*** Opening DATA EXTRACT ***

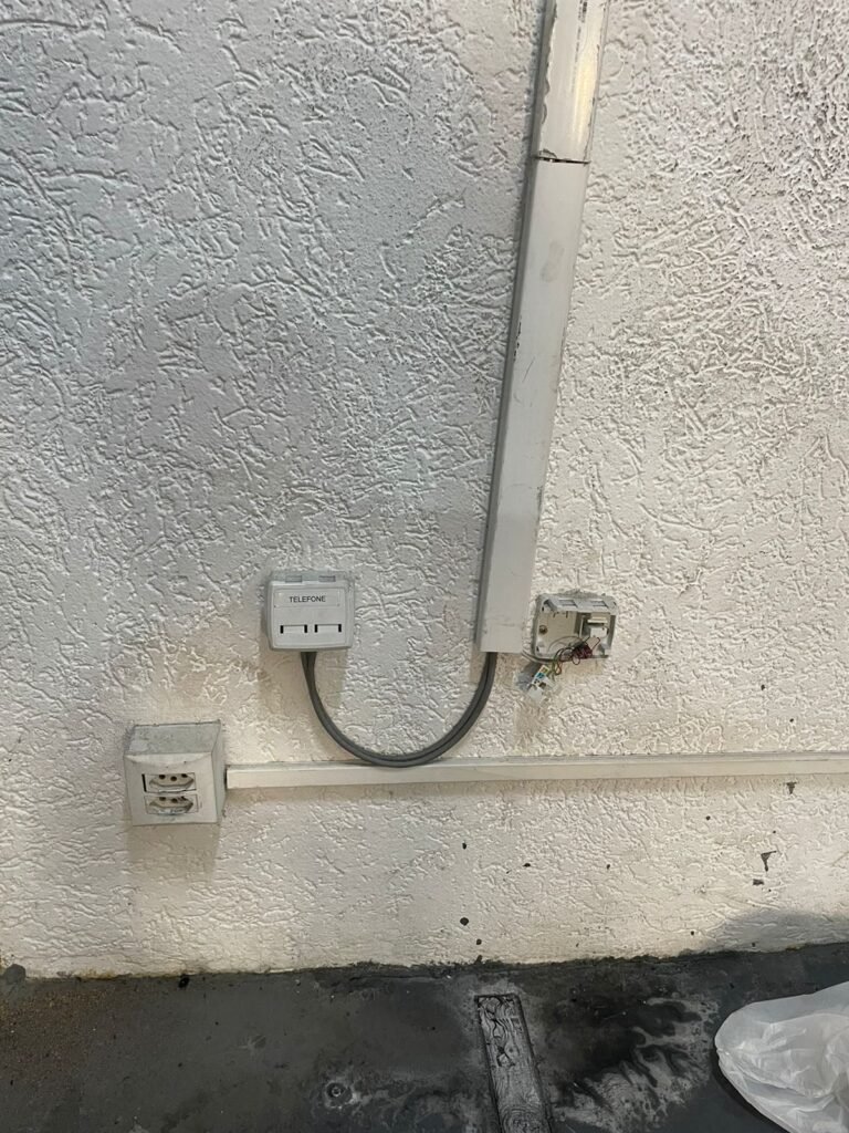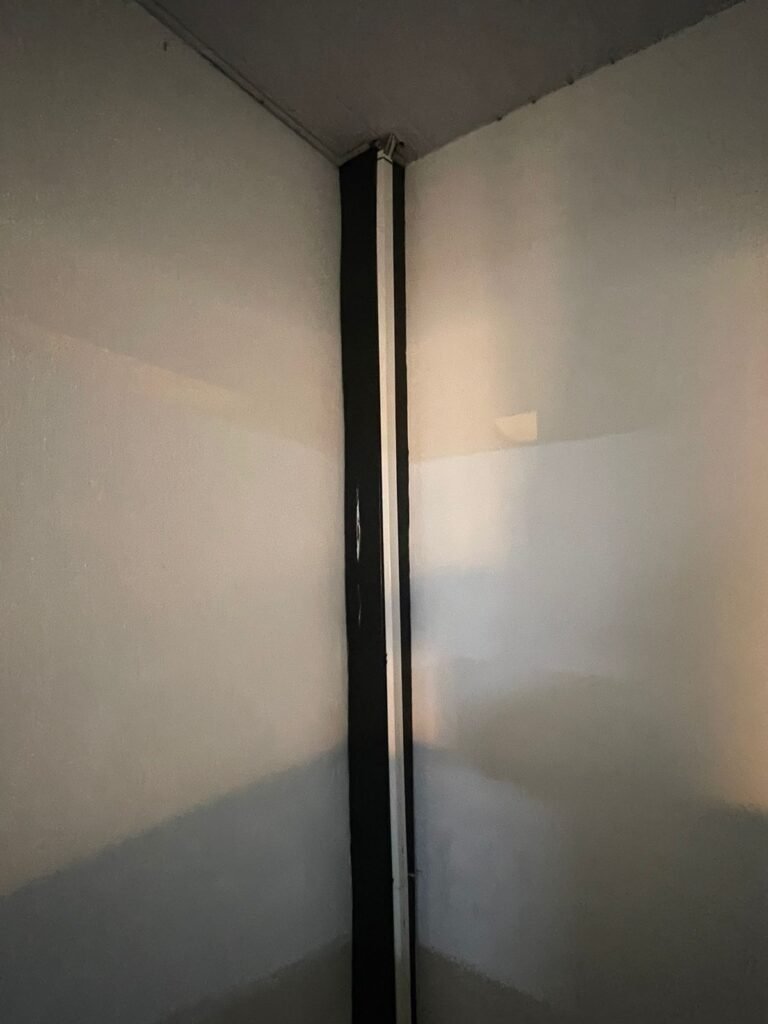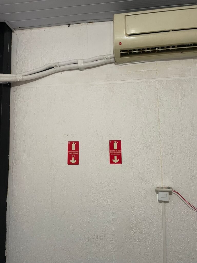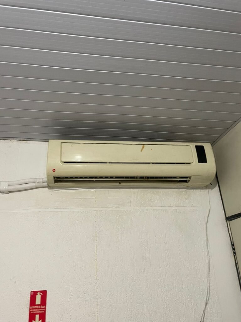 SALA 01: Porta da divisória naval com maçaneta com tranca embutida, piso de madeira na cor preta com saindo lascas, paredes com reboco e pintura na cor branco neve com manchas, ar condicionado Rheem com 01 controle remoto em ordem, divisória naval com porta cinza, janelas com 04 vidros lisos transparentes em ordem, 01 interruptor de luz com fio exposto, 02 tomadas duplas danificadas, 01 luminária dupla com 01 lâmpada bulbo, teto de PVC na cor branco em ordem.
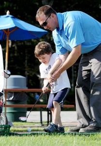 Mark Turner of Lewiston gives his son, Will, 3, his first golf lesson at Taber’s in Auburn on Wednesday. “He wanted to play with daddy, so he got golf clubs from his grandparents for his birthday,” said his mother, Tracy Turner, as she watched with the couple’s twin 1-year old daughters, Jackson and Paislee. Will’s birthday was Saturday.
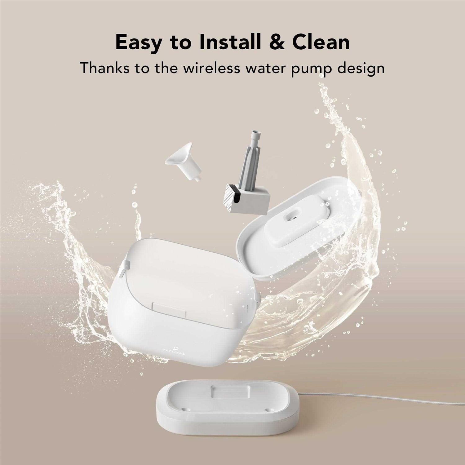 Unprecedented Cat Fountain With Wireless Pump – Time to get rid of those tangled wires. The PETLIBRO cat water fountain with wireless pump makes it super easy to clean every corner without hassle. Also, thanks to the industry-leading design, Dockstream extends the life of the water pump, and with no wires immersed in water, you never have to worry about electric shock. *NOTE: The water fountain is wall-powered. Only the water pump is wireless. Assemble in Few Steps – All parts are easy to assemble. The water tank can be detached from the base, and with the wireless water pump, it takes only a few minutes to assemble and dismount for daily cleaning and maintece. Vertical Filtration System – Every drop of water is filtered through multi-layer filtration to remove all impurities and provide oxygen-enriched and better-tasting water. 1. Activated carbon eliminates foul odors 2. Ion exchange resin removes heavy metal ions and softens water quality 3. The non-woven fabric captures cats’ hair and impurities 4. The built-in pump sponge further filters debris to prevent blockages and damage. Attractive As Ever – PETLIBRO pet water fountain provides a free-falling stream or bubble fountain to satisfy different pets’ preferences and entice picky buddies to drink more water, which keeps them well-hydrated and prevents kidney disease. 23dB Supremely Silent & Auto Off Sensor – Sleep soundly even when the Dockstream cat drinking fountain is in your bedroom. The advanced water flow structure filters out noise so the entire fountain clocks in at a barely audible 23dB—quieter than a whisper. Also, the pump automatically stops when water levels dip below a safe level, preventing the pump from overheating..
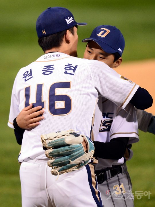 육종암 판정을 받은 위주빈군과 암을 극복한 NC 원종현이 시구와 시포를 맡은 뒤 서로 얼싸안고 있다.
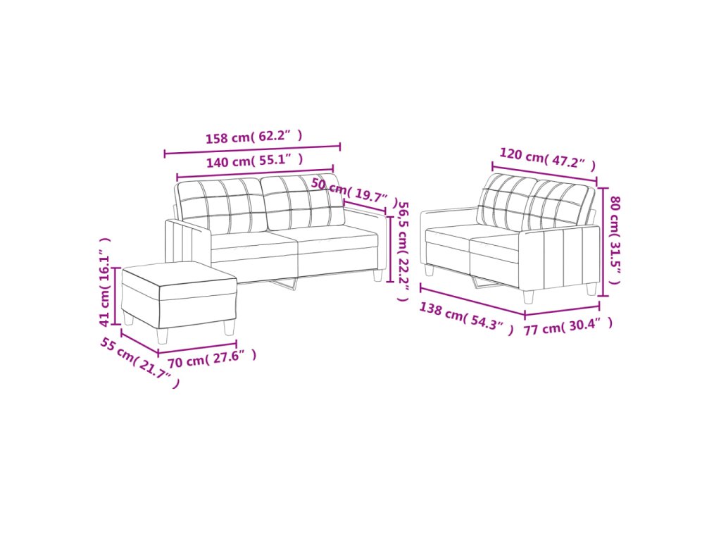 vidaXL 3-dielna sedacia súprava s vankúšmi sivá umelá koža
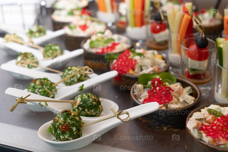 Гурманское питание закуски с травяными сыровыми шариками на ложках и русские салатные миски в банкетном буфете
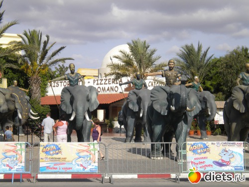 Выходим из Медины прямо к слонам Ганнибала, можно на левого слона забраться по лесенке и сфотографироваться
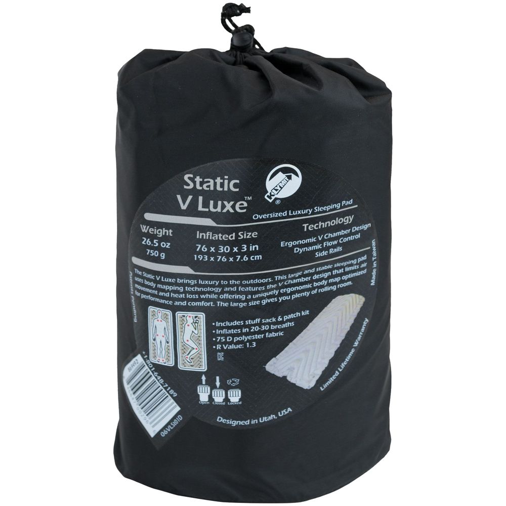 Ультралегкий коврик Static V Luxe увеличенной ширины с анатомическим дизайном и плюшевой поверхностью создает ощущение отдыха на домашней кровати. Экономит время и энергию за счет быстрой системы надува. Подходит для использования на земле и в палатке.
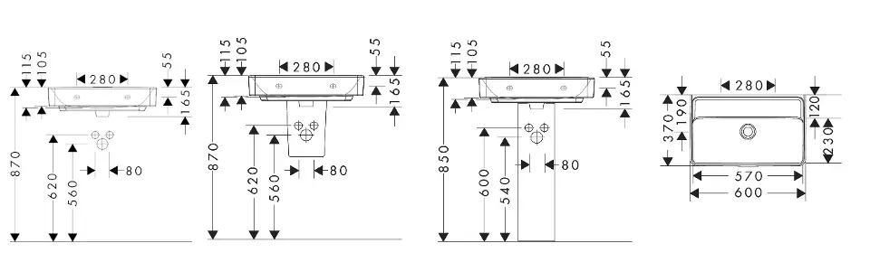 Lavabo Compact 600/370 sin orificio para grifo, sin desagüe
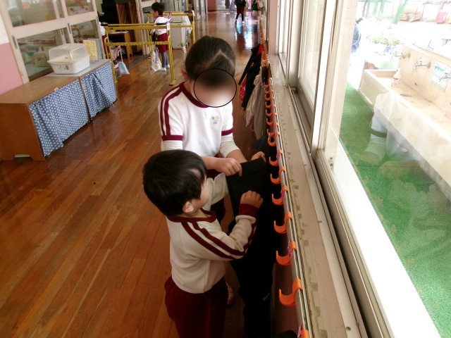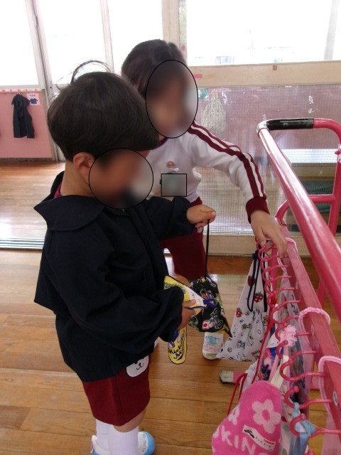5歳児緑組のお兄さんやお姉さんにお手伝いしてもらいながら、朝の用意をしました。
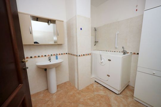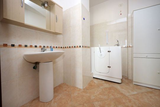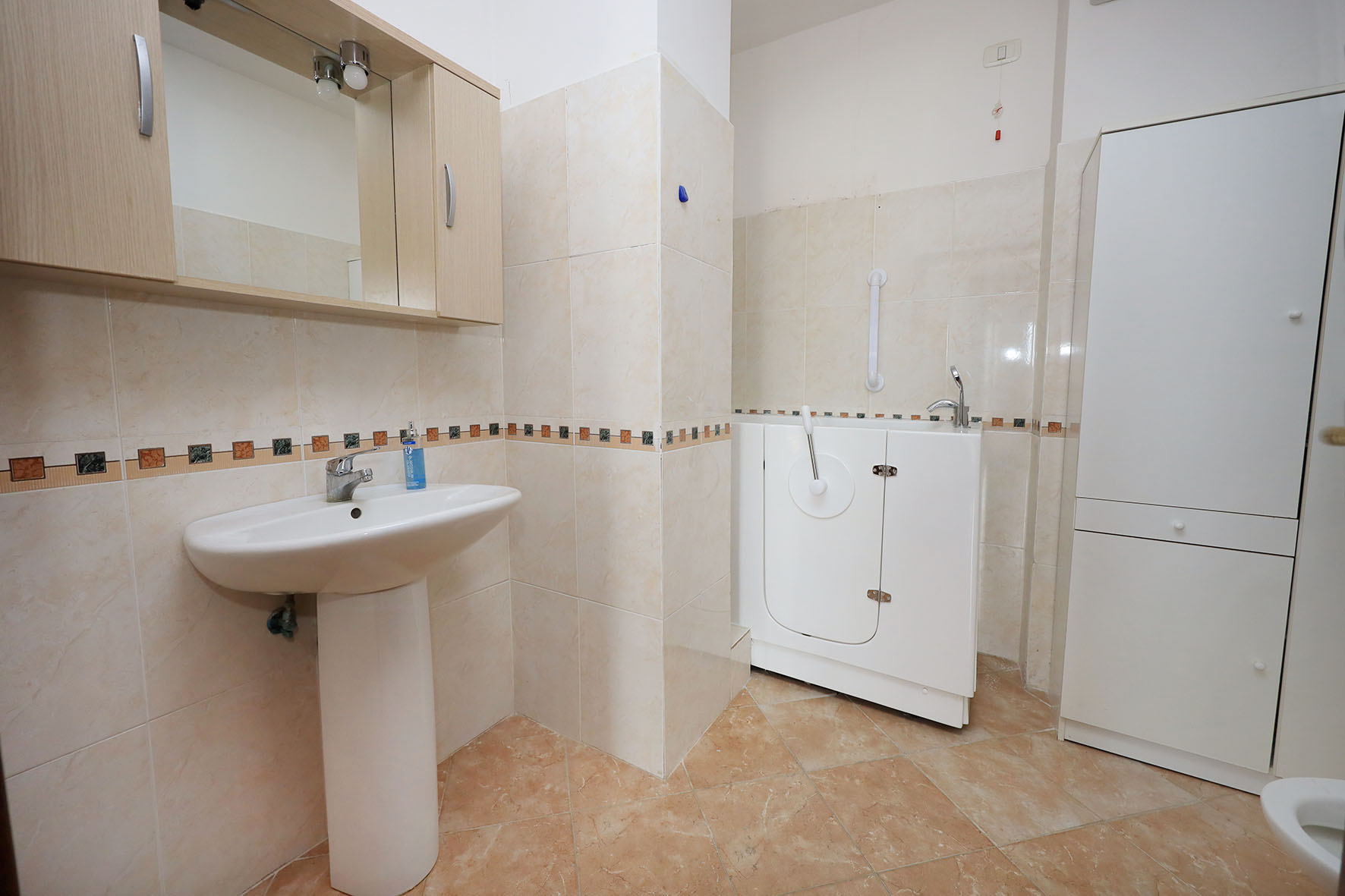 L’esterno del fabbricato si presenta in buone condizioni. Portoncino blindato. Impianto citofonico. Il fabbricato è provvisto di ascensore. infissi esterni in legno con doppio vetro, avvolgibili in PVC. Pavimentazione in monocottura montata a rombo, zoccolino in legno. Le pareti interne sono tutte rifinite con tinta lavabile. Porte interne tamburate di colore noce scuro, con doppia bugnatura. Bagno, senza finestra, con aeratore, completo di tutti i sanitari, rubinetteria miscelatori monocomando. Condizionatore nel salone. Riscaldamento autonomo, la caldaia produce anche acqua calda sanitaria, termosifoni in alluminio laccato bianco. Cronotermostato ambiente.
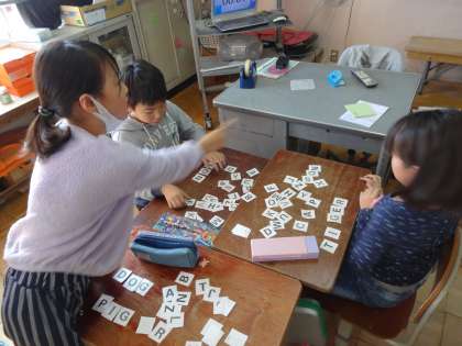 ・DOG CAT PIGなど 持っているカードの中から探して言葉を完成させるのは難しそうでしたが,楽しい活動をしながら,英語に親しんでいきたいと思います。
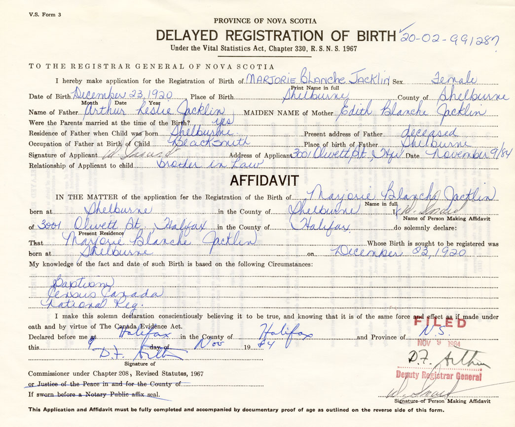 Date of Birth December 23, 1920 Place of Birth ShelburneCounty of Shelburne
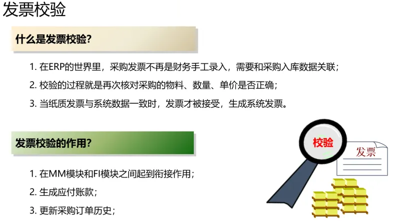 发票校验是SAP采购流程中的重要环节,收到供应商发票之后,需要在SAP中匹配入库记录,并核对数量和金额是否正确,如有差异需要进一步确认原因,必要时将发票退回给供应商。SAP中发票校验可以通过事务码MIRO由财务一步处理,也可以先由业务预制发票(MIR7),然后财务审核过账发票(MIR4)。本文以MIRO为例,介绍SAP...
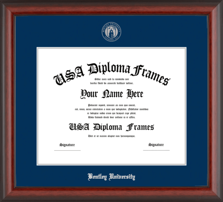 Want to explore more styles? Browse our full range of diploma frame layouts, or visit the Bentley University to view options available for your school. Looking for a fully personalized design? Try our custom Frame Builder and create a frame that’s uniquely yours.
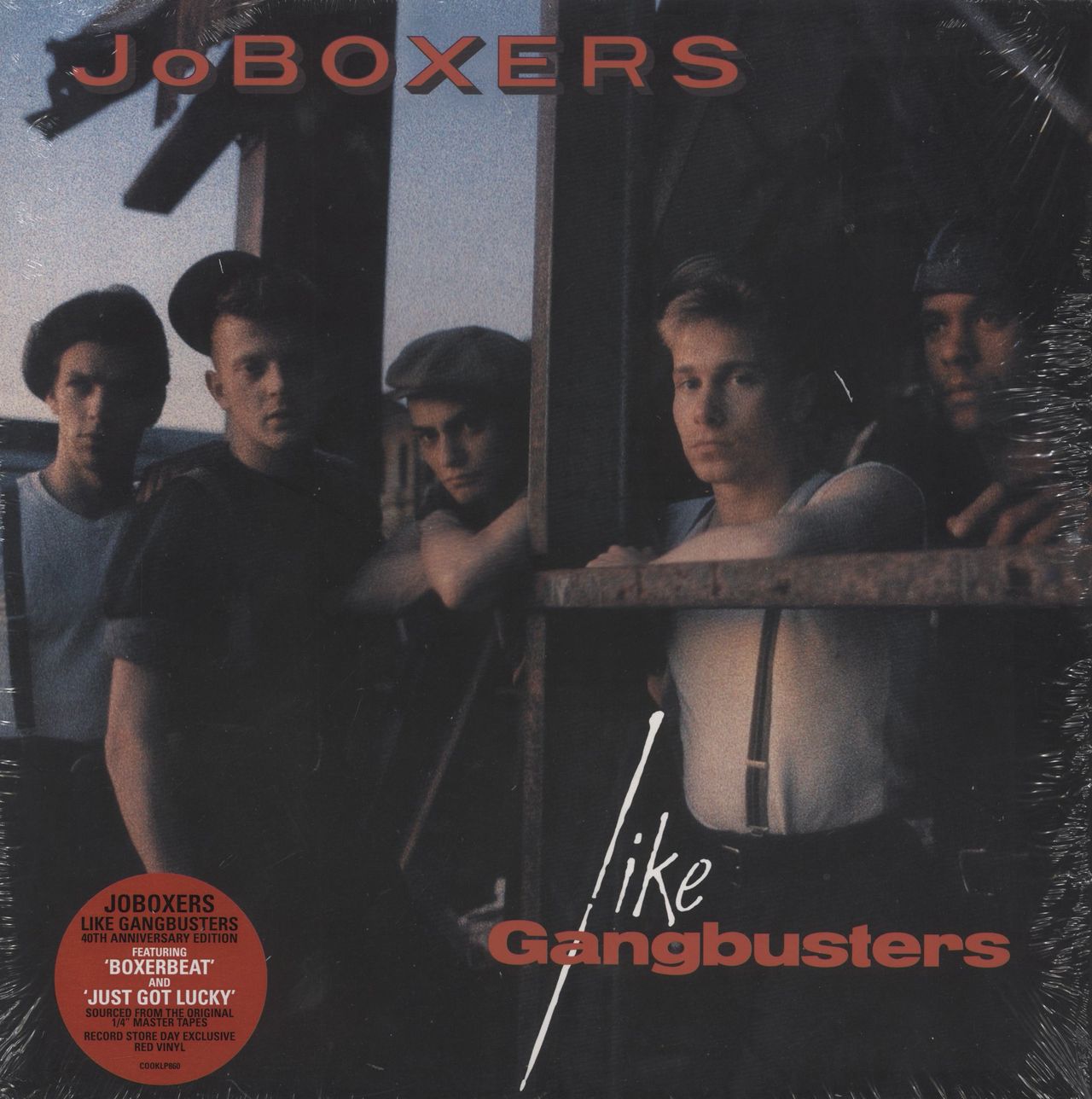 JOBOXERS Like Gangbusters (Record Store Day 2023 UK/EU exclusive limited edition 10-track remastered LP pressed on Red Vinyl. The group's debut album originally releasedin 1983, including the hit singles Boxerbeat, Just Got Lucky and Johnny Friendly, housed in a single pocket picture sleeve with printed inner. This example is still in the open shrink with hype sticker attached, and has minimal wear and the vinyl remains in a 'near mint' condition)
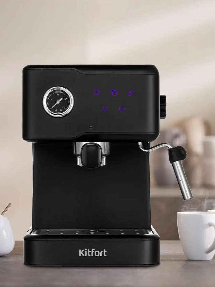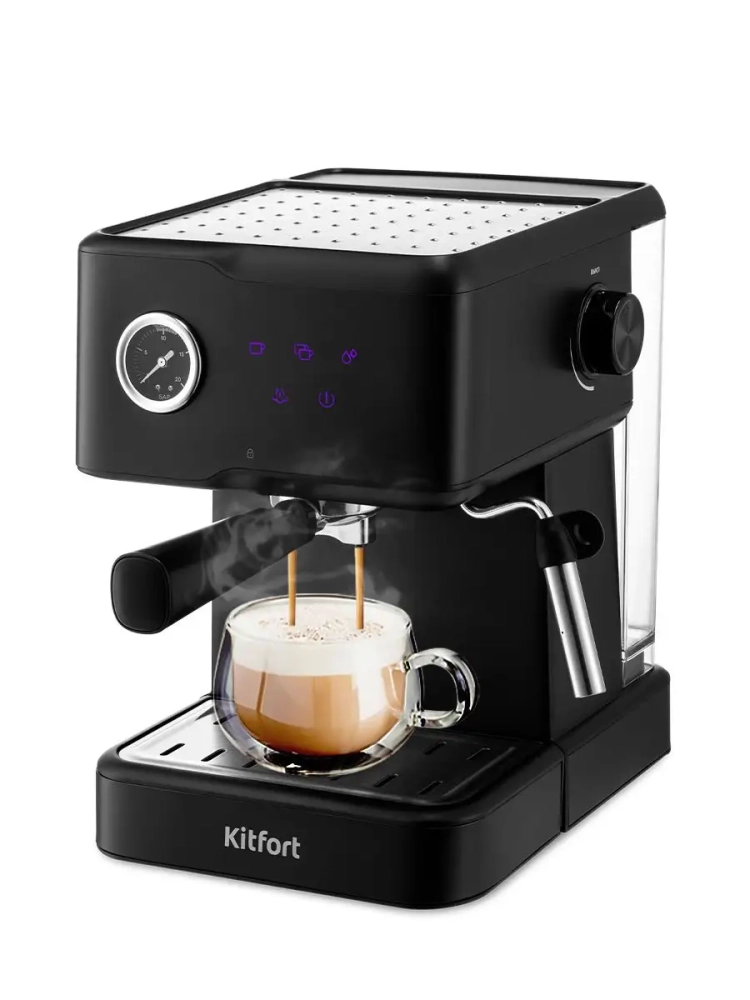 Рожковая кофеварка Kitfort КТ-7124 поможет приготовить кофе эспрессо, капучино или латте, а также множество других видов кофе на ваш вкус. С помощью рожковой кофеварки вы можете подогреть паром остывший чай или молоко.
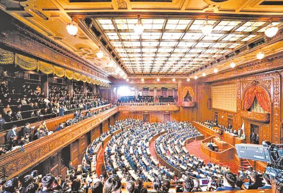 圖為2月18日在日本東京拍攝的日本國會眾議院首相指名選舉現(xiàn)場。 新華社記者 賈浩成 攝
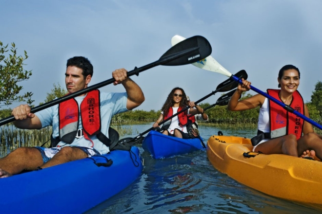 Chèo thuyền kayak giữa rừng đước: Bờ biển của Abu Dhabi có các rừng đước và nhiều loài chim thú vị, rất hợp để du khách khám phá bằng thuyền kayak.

*** Closing DATA EXTRACT ***

■ **WHAT THE TASK REQUIRES**
Beginning with the first line of the entries above, repeat each line word for word until the line with "Mark Turner of" has been given too. Omit the pictures.

■ **OUTPUT BELOW**
 SALA 01: Porta da divisória naval com maçaneta com tranca embutida, piso de madeira na cor preta com saindo lascas, paredes com reboco e pintura na cor branco neve com manchas, ar condicionado Rheem com 01 controle remoto em ordem, divisória naval com porta cinza, janelas com 04 vidros lisos transparentes em ordem, 01 interruptor de luz com fio exposto, 02 tomadas duplas danificadas, 01 luminária dupla com 01 lâmpada bulbo, teto de PVC na cor branco em ordem.
 Mark Turner of Lewiston gives his son, Will, 3, his first golf lesson at Taber’s in Auburn on Wednesday. “He wanted to play with daddy, so he got golf clubs from his grandparents for his birthday,” said his mother, Tracy Turner, as she watched with the couple’s twin 1-year old daughters, Jackson and Paislee. Will’s birthday was Saturday.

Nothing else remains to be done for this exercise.